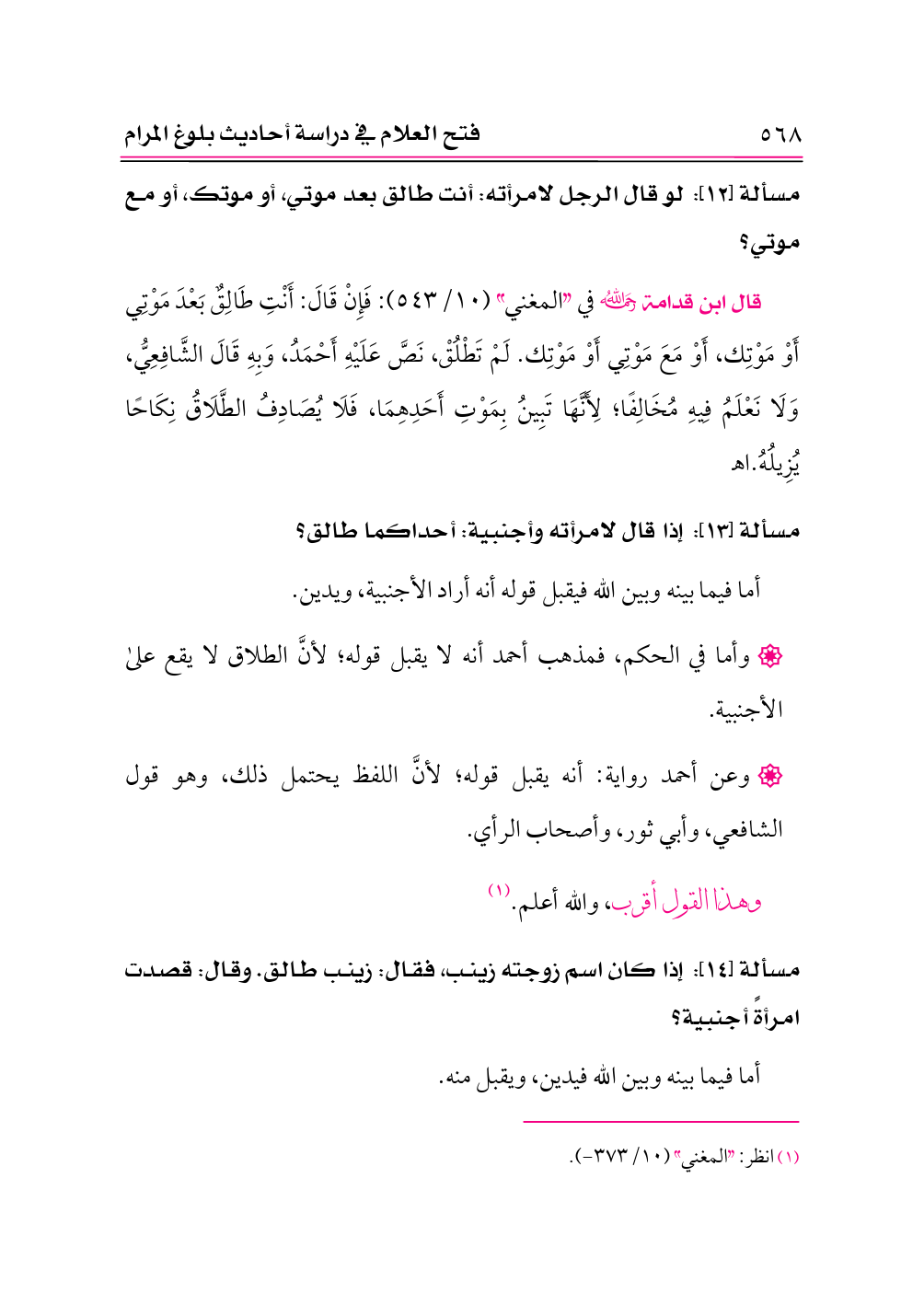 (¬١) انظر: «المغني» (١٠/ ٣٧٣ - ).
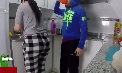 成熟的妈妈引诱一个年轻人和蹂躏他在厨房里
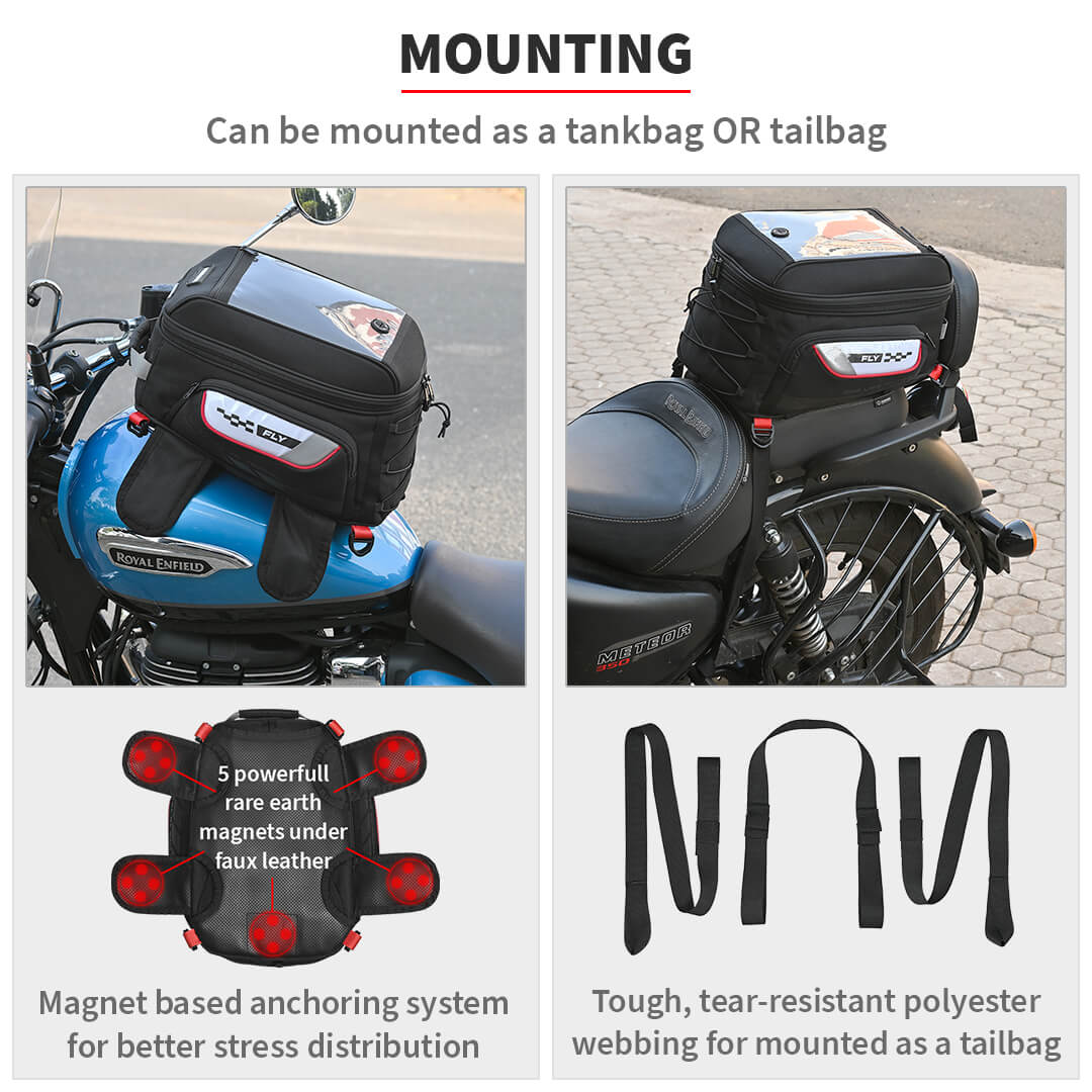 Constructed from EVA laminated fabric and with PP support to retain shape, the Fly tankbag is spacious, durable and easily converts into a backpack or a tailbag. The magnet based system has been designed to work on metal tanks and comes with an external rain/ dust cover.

What is required:
Please restate the material word for word; the pictures stay out.

Response box:
 (¬١) انظر: «المغني» (١٠/ ٣٧٣ - ).
 成熟的妈妈引诱一个年轻人和蹂躏他在厨房里
 Constructed from EVA laminated fabric and with PP support to retain shape, the Fly tankbag is spacious, durable and easily converts into a backpack or a tailbag. The magnet based system has been designed to work on metal tanks and comes with an external rain/ dust cover.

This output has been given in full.